# Help Required for a few days



## JNV (Jul 22, 2011)

Hi. Is there any electricians helpers in N.Ireland that could help on a fire installation job in belfast.Prob about 5/7 day job


----------



## HARRY304E (Sep 15, 2010)

JNV said:


> Hi. Is there any electricians helpers in N.Ireland that could help on a fire installation job in belfast.Prob about 5/7 day job


I'll give you a hand as long as you pay for travel..:thumbup:


----------



## JNV (Jul 22, 2011)

lol .You have a long way to come !!!


----------



## Shockdoc (Mar 4, 2010)

Whats the pay ? I could use a few days away from married life in America.


----------



## JNV (Jul 22, 2011)

In this country not a lot 
Electrician pay is not to good and the customers want the work cheap as usual


----------



## HARRY304E (Sep 15, 2010)

JNV said:


> lol .You have a long way to come !!!


I hear it is a pretty long swim.:laughing:


----------



## HARRY304E (Sep 15, 2010)

JNV said:


> In this country not a lot
> Electrician pay is not to good and the customers want the work cheap as usual


Nothing changes no matter where you go they all want the work done for Free..:no:


----------



## JNV (Jul 22, 2011)

better pack your life jacket in the tool box


----------



## JNV (Jul 22, 2011)

HARRY304E said:


> Nothing changes no matter where you go they all want the work done for Free..:no:


 
I no.they will pay for other trades but not electrical


----------



## HARRY304E (Sep 15, 2010)

JNV said:


> I no.they will pay for other trades but not electrical


We just have to come up with a better sales pitch.:thumbsup:


----------



## travelingelec (May 31, 2011)

HARRY304E said:


> We just have to come up with a better sales pitch.:thumbsup:


 It's best to be shocked now and not later!:blink:


----------



## frank (Feb 6, 2007)

JNV. If life is that bad in NI then get on a ferry and come and live here.

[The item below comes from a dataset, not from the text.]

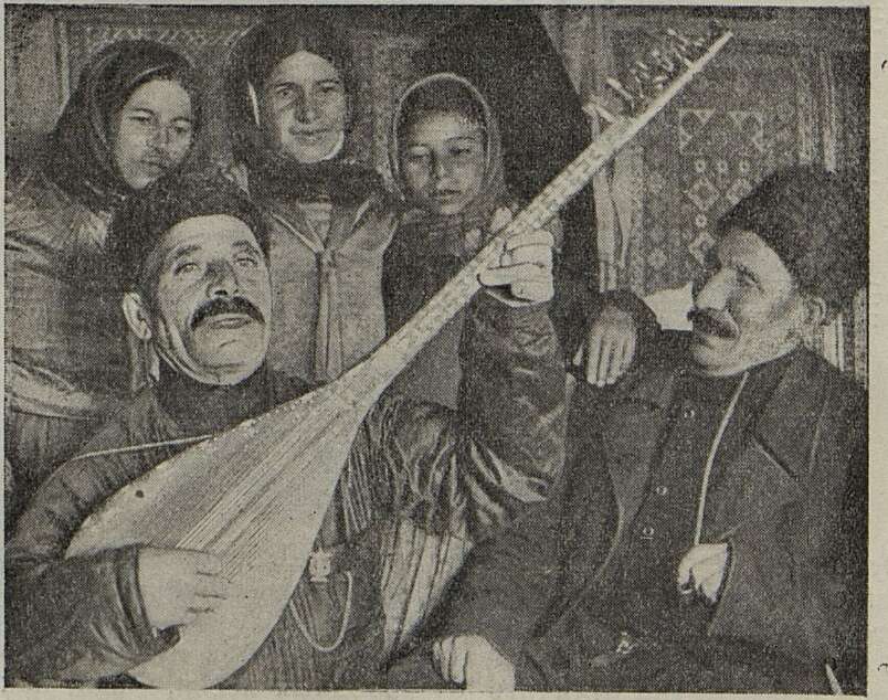 Асад Рзаев — популярный азербайджанский ашуг, принятый в Союз писателей, поет свои песни колхозникам селения Тауз.
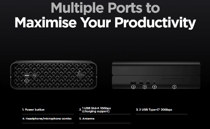 Ports 2 USB Type-C® 20Gbps signaling rate; 1 headphone/microphone combo; 1 USB Type-A 10Gbps signaling rate (1 charging)

Self employed you should get £25/35 per hour for non domestic day work and £200 price work for domestic. All my pals work commercial and industrial and get well beyond these rates. Maybe it just depends on your skill levels!

Frank


----------



## JNV (Jul 22, 2011)

frank said:


> JNV. If life is that bad in NI then get on a ferry and come and live here. Self employed you should get £25/35 per hour for non domestic day work and £200 price work for domestic. All my pals work commercial and industrial and get well beyond these rates. Maybe it just depends on your skill levels!
> 
> Frank


Sounds good.Good to see the market is strong especially in this current climate .
LOL might go back to tech and then try for those rates.:thumbup:


----------